Implícitamente, ese reconocimiento estatal implica la asunción de que unas formas de vivir son más valoradas que otras, y que ciertos modelos de familia deberían ser privilegiados. No son unas asunciones solo de género; son admisiones de una parcialidad también en otra manera: forman parte de un sistema desigual que diferencia entre ellos y nosotros, entre lo estable e inestable, entre los célebres y estigmatizados, entre los dignos e indignos…

En pleno siglo XXI el reconocimiento estatal del matrimonio es algo anacrónico. La vida en familia, la posesión de propiedades, la crianza de los hijos e hijas, la inmigración… están reguladas sobre la asunción del matrimonio, pero esa aceptación ya no se sostiene estadísticamente. Solo la mitad de los niños y niñas nacen de padres casados o en uniones civiles en países como Estados Unidos, Gran Bretaña, Suecia, Dinamarca y Nueva Zelanda.

Sin estatus legal, no ilegal

En vez de regular sobre un ideal de pareja casada, que en realidad no es ideal ni típica, un Estado igualitario no tendría que regular el matrimonio. Eso no significa, de ninguna manera, que el matrimonio sería ilegal, sino que no tendría un estatus legal. La gente podría tener ceremonias religiosas o civiles de matrimonio sin obtener con ello ningún derecho legal, ningún deber o reconocimiento. Al contrario, las relaciones deberían ser reguladas de acuerdo a sus prácticas, como la cohabitación, propiedad, crianza o dependencia, sin asumir que todas las prácticas deben coincidir. Estas regulaciones predeterminadas deberían estar basadas en asegurar la igualdad en la relación y entre aquellos que están y no están asociados.

Esta apreciación puede resultar chocante en un tiempo donde la aceptación social y legal del matrimonio entre personas del mismo sexo está aumentando.

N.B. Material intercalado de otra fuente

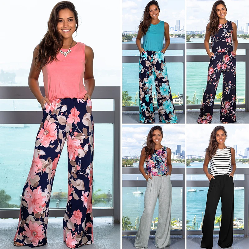 Длинный женский комбинезон с принтом в стиле пэчворк без рукавов, Свободные Комбинезоны прямого силуэта с карманами и высокой посадкой, сво...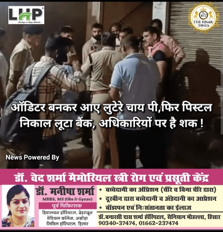 हिसार टाइम्स – हरियाणा के गुरुग्राम में मणप्पुरम गोल्ड लोन शाखा में शनिवार शाम डकैती हो गई। हथियारबंद 5 बदमाशों ने गन पॉइंट पर 4 बैंक कर्मचारियों को बंधक बनाकर साढ़े 9 लाख रुपए की नकदी लूट ली और फरार हो गए।बदमाशों ने फुलप्रूफ प्लानिंग के साथ डकैती की वारदात को अंजाम दिया। उन्हें न केवल मणप्पुरम की सारी वर्किंग की स्टडी की, बल्कि वारदात के लिए छुट्टी का दिन चुना। उन्हें पहले से ही पता था कि शनिवार को जन्माष्टमी की छुट्टी है।
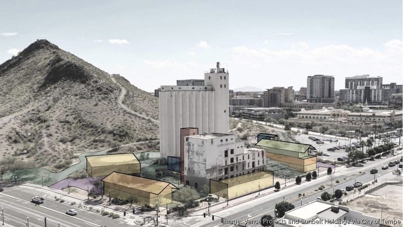 Tempe entered into a development agreement in 2023 with Venue Projects and Sunbelt Holdings to redevelop the Hayden Flour Mill site at 119 S. Mill Ave., as explained by a city report.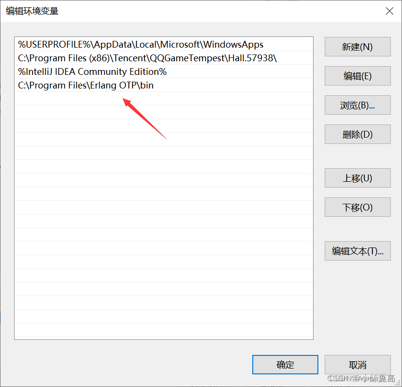 5.例如Erlang的bin目录为C:\Program Files\Erlang OTP\bin,将其配置至用户变量中即可(也可向JAVA_HOME声明一个根目录变量也可,但需加至path中)

Pero incluso el reconocimiento del matrimonio entre personas del mismo sexo omite injusticias internas del matrimonio heterosexual y las injusticias externas para aquellos que no pueden o deciden no estar casados.

Ese Estado hipotético no excluiría las bodas, las ceremonias y las celebraciones. Tampoco la estabilidad, la familia, el compromiso o la devoción. No excluiría el amor. Pero sí excluiría la idea de que esos valores son algo a preservar con un formato particular de relación. También que actuando de otra forma el Estado dé desventajas, discrimine o estigmatice a aquellas familias que no están estructuradas de acuerdo a ese modelo. Un estado libre de la regulación del matrimonio promovería la igualdad, independientemente de la relación o el tipo de familia.

Para Chambers, los efectos prácticos y simbólicos del matrimonio avalado por el Estado inevitablemente priorizan a algunas personas y a algunas maneras de vivir sobre otras, socava la igualdad y la libertad. E invita a una reflexión final: como persona crítica con la santificación estatal de formas de vida íntima opresivas o excluyentes, defiende y reivindica, no obstante, el poder del Estado, una fuerza necesaria para apoyar en igualdad a todas las personas en sus esfuerzos y relaciones cotidianas.